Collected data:
——

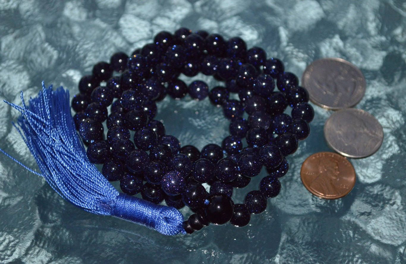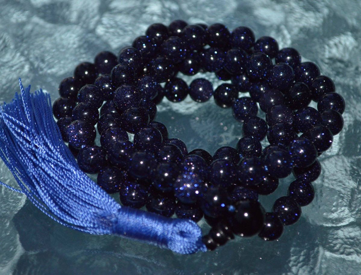Crafted from authentic Blue Goldstone (also known as Blue Sandstone), this hand-knotted 108-bead mala is designed for both spiritual practice and statement style. Blue Goldstone is known as the Stone of Ambition, resonating with the Throat Chakra (Vishuddha) to enhance communication, confidence, and focus. Its deep blue tone with coppery specks inspires motivation and encourages you to manifest your goals fearlessly.
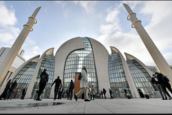 The Central Mosque, a modern building with two tall minarets, is located on a busy road in Ehrenfeld district just west of the city center. The massive glass and concrete structure – designed as a flower bud – has room for 1,200 worshippers.
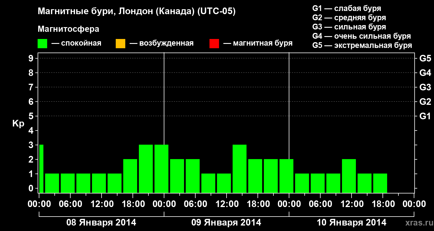 Изменения геомагнитного индекса Kp с 8 по 10 января 2014 года для средних широт
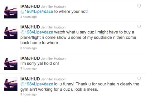 Damn Jen Really!?!?!? If I was a celeb I would rarely interact with fans on twitter, as a matter of fact, I wold let the record company run my twitter to avoid bull like this! SMH. Chris Brown I expect this from, but Jennifer Hudson? Really?
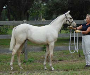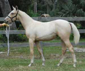 Nanett's 07 Cremello Colt by Blue Eyed Dream GF. Awarded First premium with AWR.
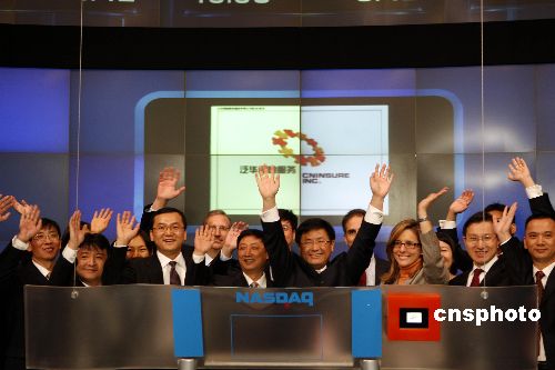 中國大陸首只保險中介股--泛華保險集團三十一日在美國納斯達克證券交易所成功上市。該公司恰好是在納斯達克上市的第五十家中國公司,也是今年在美國上市的所有中國公司當中上市當天表現(xiàn)最好的公司之一。圖為公司董事長胡義南在納斯達克出席開市敲鐘儀式。中新社發(fā) 李靜 攝
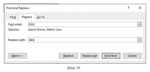 4) Thay tất cả những chỗ có từ “DÂN” thành từ “dân” bằng cách thực hiện lệnh Replace. Nhập từ cần tìm và từ thay thế như trong hình dưới đây. Sau đó, lần lượt nháy các nút lệnh Find Next và Replace để kiểm tra và thay từ “DÂN” thành từ “dân”. (Chú ý, cần nháy chuột vào mục More và đánh dấu v vào ô Match case).
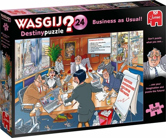 Deze Wasgij legpuzzels van Jumbo zijn speciaal ontwikkelt voor volwassenen. Anders dan bij andere puzzels, maak je bij Wasgij niet een afbeelding van de doos na maar moet je zelf je fantasie gebruiken om de puzzelplaat compleet te maken! Er zijn drie verschillende concepten: Original, Mystery en Destiny. Bij Wasgij Destiny moet je de hints en je fantasie gebruiken om er achter te komen hoe de toekomst eruit zal zien!
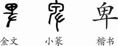 “卑”是会意字。金文像左手持一粗糙的酒器之形,会执事供役使之意。小篆上边的酒器讹为“甲”。隶变后楷书写作“卑”。

——

Description of the task -
Look above for the line with "Изменения геомагнитного индекса" and the line with "Nanett's 07 Cremello", then copy them and all lines in between exactly as written, and only those, without any pictures.

Worked solution -
 Изменения геомагнитного индекса Kp с 8 по 10 января 2014 года для средних широт
 Damn Jen Really!?!?!? If I was a celeb I would rarely interact with fans on twitter, as a matter of fact, I wold let the record company run my twitter to avoid bull like this! SMH. Chris Brown I expect this from, but Jennifer Hudson? Really?
 Nanett's 07 Cremello Colt by Blue Eyed Dream GF. Awarded First premium with AWR.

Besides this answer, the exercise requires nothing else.